According to the invention, the extract of a plant of the genus Salacia may be any one of the filtrate after extraction as such, or its concentrated or diluted state or in the form of its dried powder, or a mixture thereof.

The dry extract powder of the aforementioned extract can be used as such when used or by dissolving in an appropriate solvent. The aforementioned solvent may be any substance, with the proviso that it is a solvent which can be used at the time of extraction and does not exert a bad influence upon the human body even when it remained in the drug or foodstuff after preparation, and in general, water, an alcohol or a hydrous alcohol is preferably used. More preferably, hot water or ethanol or hydrous ethanol is used. Regarding the alcohol concentration of the aforementioned hydrous alcohol, those which have a concentration of from 30 to 90% by mass, preferably from 40 to 70% by mass, may be used. As the drying method, spray drying, freeze drying and the like can be exemplified, though not limited thereto. (In this specification, mass ratio is equal to weight ratio.)

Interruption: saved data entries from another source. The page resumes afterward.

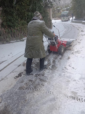 集團各企業以雪為(wèi)令、聞雪而動,上(shàng)下一心、迅速出擊,第一時(shí)間(jiān)啓動應急預案,采取應對措施,落實服務保障人(rén)員及物資。幹部職工堅守崗位,掃雪除冰、疏通(tōng)道(dào)路、檢查設施設備,重點對彎道(dào)、坡路、入口處等關鍵位置進行(xíng)預防清理(lǐ);堅持24小(xiǎo)時(shí)值班值守,應急救援小(xiǎo)組不間(jiān)斷巡視(shì),加大(dà)巡查力度,及時(shí)處理(lǐ)突發情況,謹防積雪壓垮風險;通(tōng)過工作(zuò)群進行(xíng)安全宣傳教育,提醒幹部職工關注路面濕滑結冰情況,合理(lǐ)安排出行(xíng),注意人(rén)身及交通(tōng)安全。
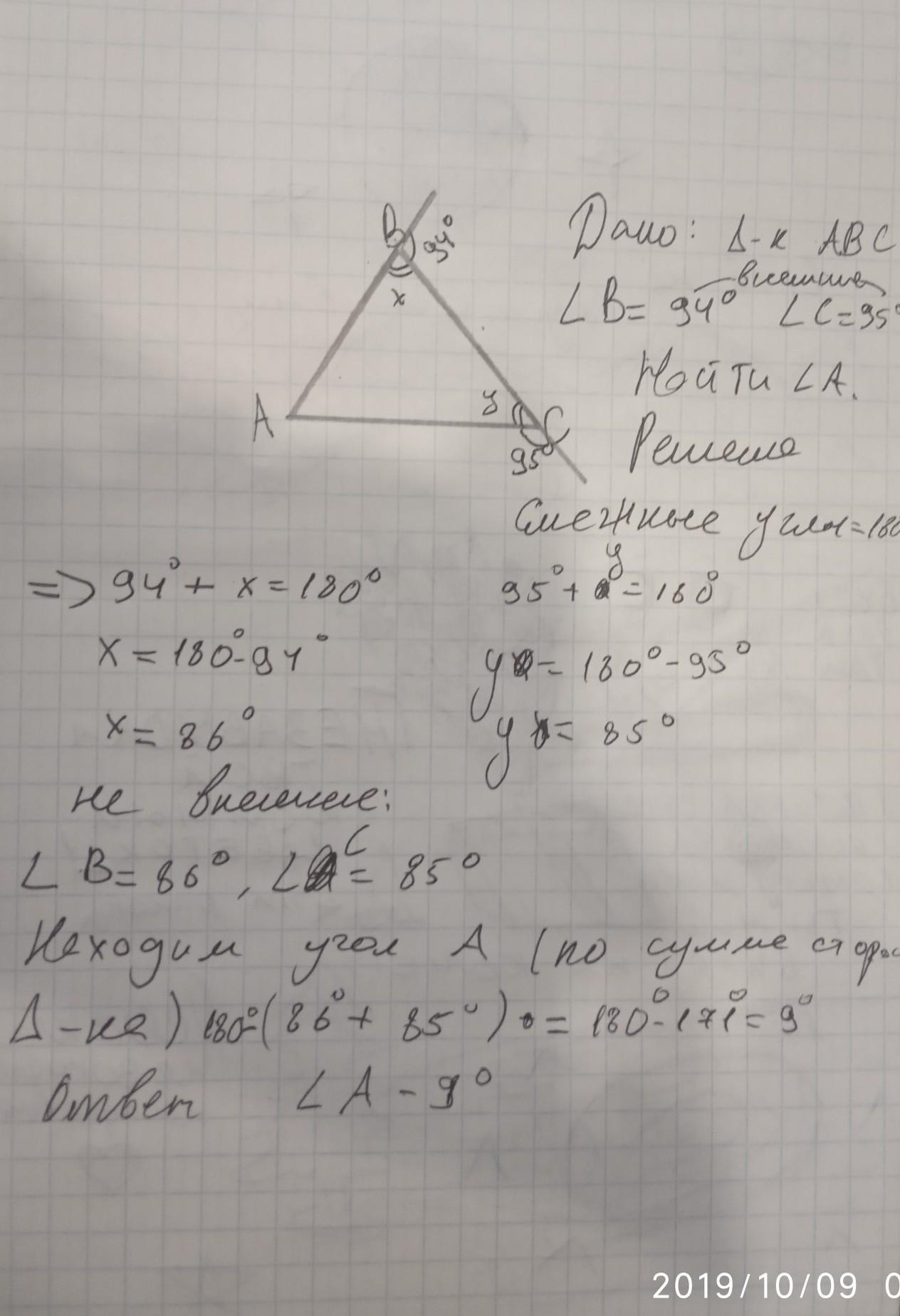 в треугольнике ABC внешние углы при вершинах B и C равны 94° и 95° соответственно . найдите градусную меру угла А
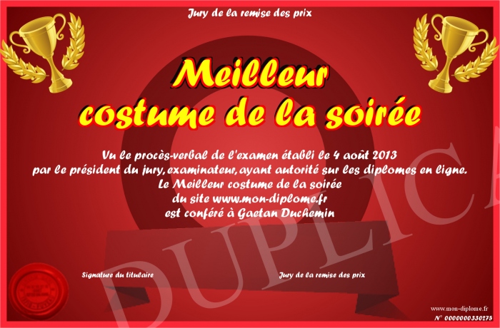 Envoyez par email votre Meilleur costume de la soirée personalisé

It is preferable that the pulverized powder or powder-extracted extract powder of the root skin or trunk shows a weight loss on drying of 10% or less, more preferably a weight loss on drying of 8% or less, by the weight loss on drying test described in The Pharmacopoeia of Japan.

In addition, the extract or pulverized product of a plant of the genus Salacia can also be used in the form of a paste or powder by concentrating and drying the same. When the extract is made into a paste or powder by concentrating and drying it, a freeze drying method, a spray drying method and the like are used, though not limited thereto. The extract of a plant of the genus Salacia made into a paste or powder can be ingested as such, or a dried extract powder of the extract of a plant of the genus Salacia may be made into a food article, by adding to and mixing with a material containing water, tea, coffee, juice, alcohol and the like drinks, a cake and the like general food and the like as an inclusion composition, in an amount of 0.01% by mass or more of the inclusion composition. It can also be used for the purpose of an external use.

In the case of tablets or solid foodstuffs, the amount of the extract or pulverized product of a plant of the genus Salacia according to the invention is preferably 10 to 100% by mass, more preferably 20 to 100% by mass, based on the total amount of the agent for increasing blood adiponectin quantity. In the case of solutions or drinks, the amount of the extract or pulverized product of a plant of the genus Salacia according to the invention is preferably 0.01 to 20% by mass, more preferably 0.05 o 10% by mass, based on the total amount of the agent for increasing blood adiponectin quantity.

Particularly, the drinks are used as container-packed drinks. Since the appearance of a container-packed drink shows a large change in color tone when preserved for a prolonged period of time, it becomes unfit as goods. In the drinks, coloration gradually advances and the color tone is changed with the lapse of time.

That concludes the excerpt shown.